Вован был как раз нашим нефтяным бароном, на нём замыкались все поставки солярки.

– Нет. Разговор есть, пойдём курнём.

Мы вышли и немного отошли в сторону от стоявших кучкой медиков над которыми парило сизое никотиновое облако.

– Комар до меня докопался, – начал я, не прикурив сигарету рассказывать содержание утреннего разговора с Комаром.

Барс курил и молча, слушал мой незамысловатый рассказ. Выслушав он кивнул головой и рассмеялся.

– Не ссы в компот Саня, в нём повар ноги моет! – сказал он мне и щелчком запустил окурок в кусты. – Разберёмся. Ты сегодня, как, тридцатку намоешь?

– Намыть то намою, а как же Комар?

– Блядь, Сань, я же по-русски вроде сказал. Разберёмся.

Думать об утренних перипетиях у меня больше не было времени.
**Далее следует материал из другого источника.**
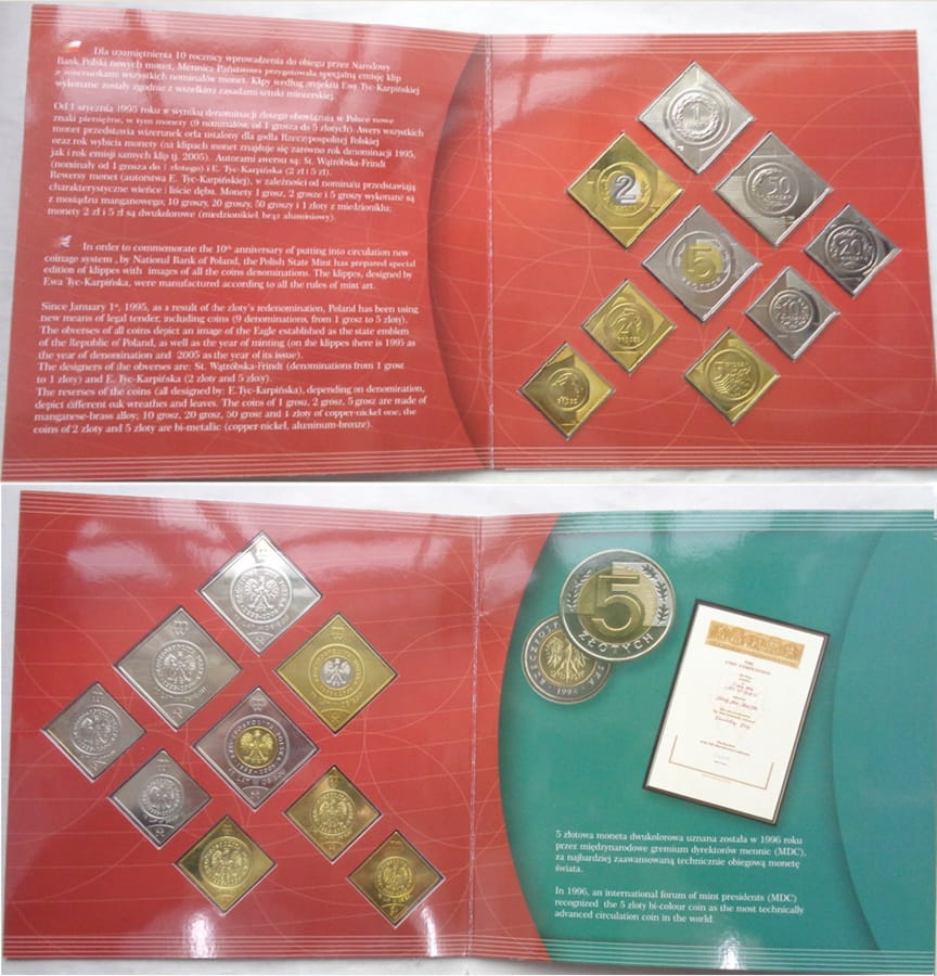 Klipy wykonane przez Mennicę Polska z okazji upamiętnienia wprowadzenie nowych monet powszechnego obiegu po denominacji w 1995 roku.

По говорилке диспетчер гавкнула номер моей бригады, и мы с фельдшером покатили на вызов. Горевать и кручиниться из-за возможных неприятностей я решил позже. Тем более Барс сказал, что разберётся, а он мужик конкретный, вроде как даже в своё время сидел.

Елена Алексеевна женщиной была спокойной и размеренной, да и фельдшером опытным, работать с ней было одно удовольствие. С самого начала совместной работы у нас наладилось с ней отличное взаимопонимание, что облегчало работу и ей и мне. Когда в скоропомощной бригаде нет взаимопонимания и когда медики тянут в одну сторону, а водитель в другую, то всё – туши свет, смена будет геморройная.

Первые два вызова мы откатали на расслабоне. Стоял прекрасный майский денёк, припекало лучистое солнышко и было реально кайфово существовать. Впрочем, идиллия длилась не долго, ближе к полудню нам выписали вызов: мужчина за сорок, без сознания, в вестибюле метро Фили. Этот вызов мог означать всё что угодно, от уснувшего бомжа до сердечного приступа. Я видел, как напряглась Алексевна и понял, что надеяться на бомжа не приходится. У Алексевны была острая чуйка на говённые вызова, выработанная годами. Она ничего не говорила, просто молча писала карту вызова сосредоточенно вглядываясь в коммуникатор.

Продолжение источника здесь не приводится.